We will focus on three main developments over the course of the twentieth century that exemplify Spain’s role on the global stage: surrealism, the civil war, and migration. Through these main topics we will consider how politics, economics, history, war, gender, and memory are represented in film and literature. Our analyses will focus on Spain’s relationship with Mexico and France (Surrealism), Great Britain, Germany, Italy and the United States (the civil war), and Morocco and the Caribbean (migration) among others. Within these multinational relationships we will be able to appreciate and understand globalization and Spain’s unique place in the new global context.

Course objectives:

  1. 1. Critically analyze theoretical approaches to film studies. Learn and accurately use appropriate cinematic terminology to analyze films.

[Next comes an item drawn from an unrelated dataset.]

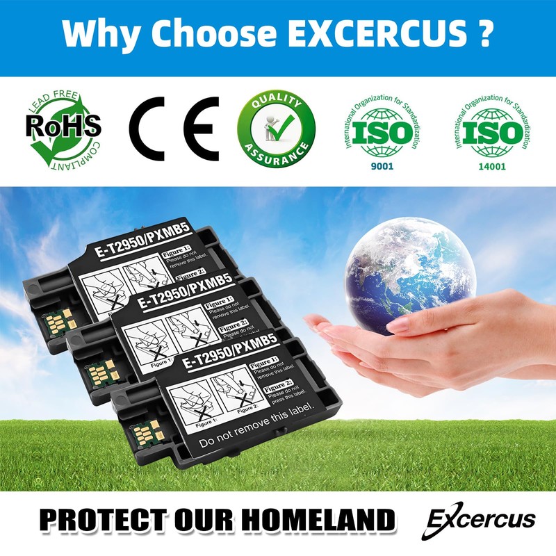 - 【Certified】EXCERCUS Remanufactured C13T295000 Ink Maintenance Box are all under ISO9001, ISO14001 and RoHS Certified. Strict testing before delivery from factory, Reliable Quality.

  2. 2. Gain an understanding of specific historical movements and events such as surrealism, the Spanish civil war, and migration.

  3. 3. Identify the populations involved in these movements and understand them historically and culturally.

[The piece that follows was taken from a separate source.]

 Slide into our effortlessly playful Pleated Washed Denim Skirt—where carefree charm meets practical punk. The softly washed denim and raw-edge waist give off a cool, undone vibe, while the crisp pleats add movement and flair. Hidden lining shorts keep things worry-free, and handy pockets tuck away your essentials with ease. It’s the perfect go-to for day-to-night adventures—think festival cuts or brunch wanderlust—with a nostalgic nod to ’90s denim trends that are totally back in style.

  4. 4. Define and use with accuracy literary and theoretical terms such as marginalization, feminism, transnationalism, and diaspora, among others.

  5. 5. Improve written and spoken Spanish in terms of grammar, pronunciation, and expression.

The course grade is based on:

Homework and quizzes = 30%

In-class essays = 30%

Midterm exam = 20%

Final exam= 20%

Class participation is expected of every student and is defined by active contribution to class discussion, prepared contributions when called on in class, active participation in group activities and maintaining Spanish as the language of class communication. [End Page 301]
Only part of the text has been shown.